WORK ORDER: Once the line containing "在这场比赛之前,曼联的进攻思" is found in the entries below, reproduce it and every line after it, stopping at and including the line containing "- Tehran, Administrative"; reproduce nothing else, and keep each line exact.

RECORDS SHOWN:
______

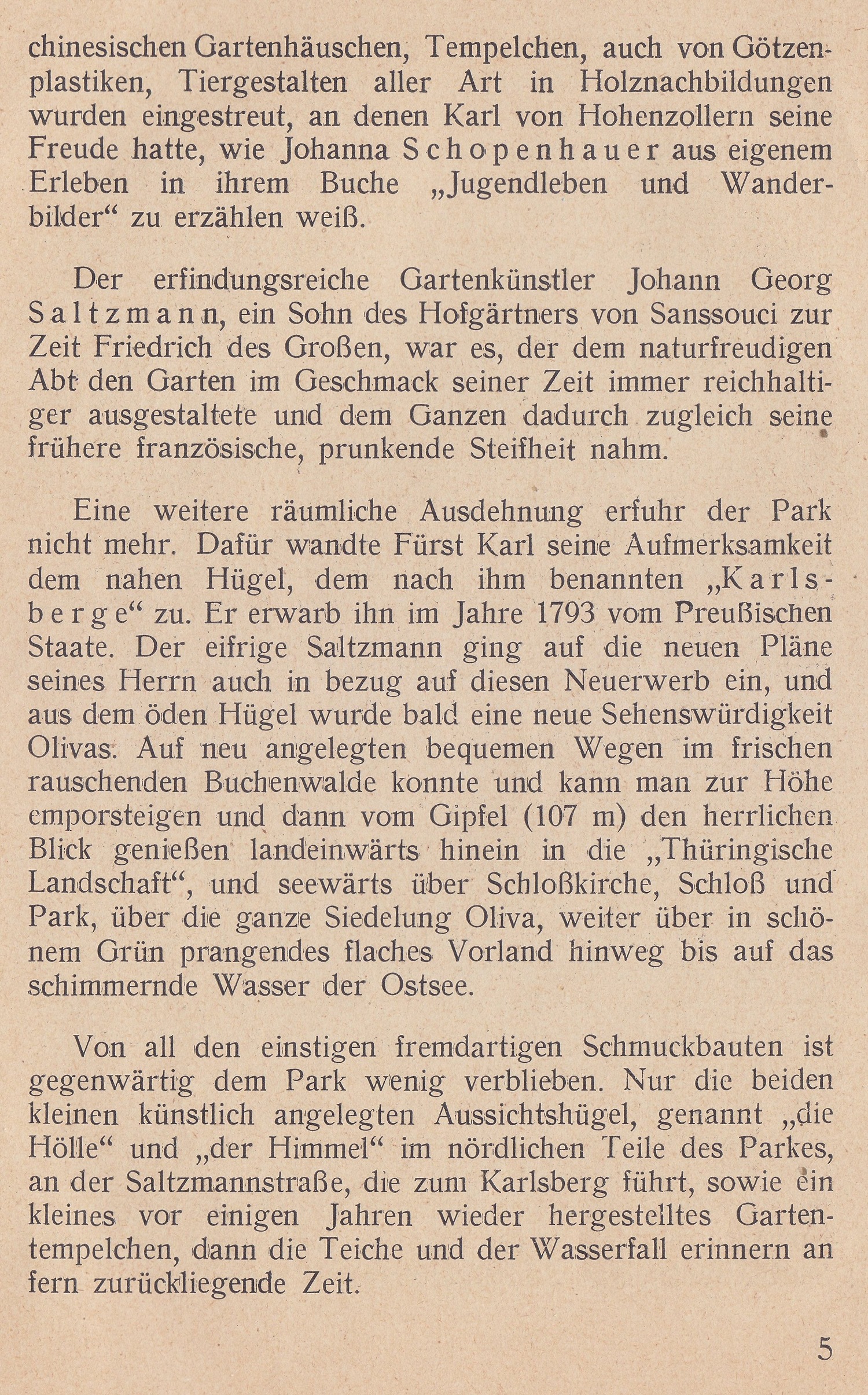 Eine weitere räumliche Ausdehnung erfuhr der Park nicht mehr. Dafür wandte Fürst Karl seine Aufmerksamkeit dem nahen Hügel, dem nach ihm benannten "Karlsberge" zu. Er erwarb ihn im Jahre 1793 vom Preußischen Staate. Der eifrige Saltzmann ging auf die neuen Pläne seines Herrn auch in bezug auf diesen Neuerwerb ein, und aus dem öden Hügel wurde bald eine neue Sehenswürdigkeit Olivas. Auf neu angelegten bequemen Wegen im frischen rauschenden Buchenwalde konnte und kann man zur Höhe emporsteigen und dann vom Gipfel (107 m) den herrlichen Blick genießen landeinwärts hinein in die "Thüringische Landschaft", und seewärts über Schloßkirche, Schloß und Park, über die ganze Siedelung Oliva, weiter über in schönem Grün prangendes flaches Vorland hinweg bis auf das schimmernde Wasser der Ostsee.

______

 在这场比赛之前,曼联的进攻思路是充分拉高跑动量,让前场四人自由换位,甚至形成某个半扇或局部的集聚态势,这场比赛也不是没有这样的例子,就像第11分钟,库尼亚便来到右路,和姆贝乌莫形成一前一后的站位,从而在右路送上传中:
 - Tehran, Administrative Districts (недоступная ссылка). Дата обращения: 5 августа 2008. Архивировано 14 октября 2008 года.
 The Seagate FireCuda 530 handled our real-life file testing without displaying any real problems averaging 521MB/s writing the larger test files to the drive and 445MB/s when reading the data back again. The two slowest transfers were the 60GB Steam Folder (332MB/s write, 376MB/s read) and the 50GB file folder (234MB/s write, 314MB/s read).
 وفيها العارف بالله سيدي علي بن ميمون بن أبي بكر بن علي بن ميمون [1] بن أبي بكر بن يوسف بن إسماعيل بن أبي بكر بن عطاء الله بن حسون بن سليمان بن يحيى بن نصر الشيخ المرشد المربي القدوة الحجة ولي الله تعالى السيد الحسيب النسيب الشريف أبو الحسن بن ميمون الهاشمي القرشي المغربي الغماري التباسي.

______

RESPONSE AREA:
 在这场比赛之前,曼联的进攻思路是充分拉高跑动量,让前场四人自由换位,甚至形成某个半扇或局部的集聚态势,这场比赛也不是没有这样的例子,就像第11分钟,库尼亚便来到右路,和姆贝乌莫形成一前一后的站位,从而在右路送上传中:
 - Tehran, Administrative Districts (недоступная ссылка). Дата обращения: 5 августа 2008. Архивировано 14 октября 2008 года.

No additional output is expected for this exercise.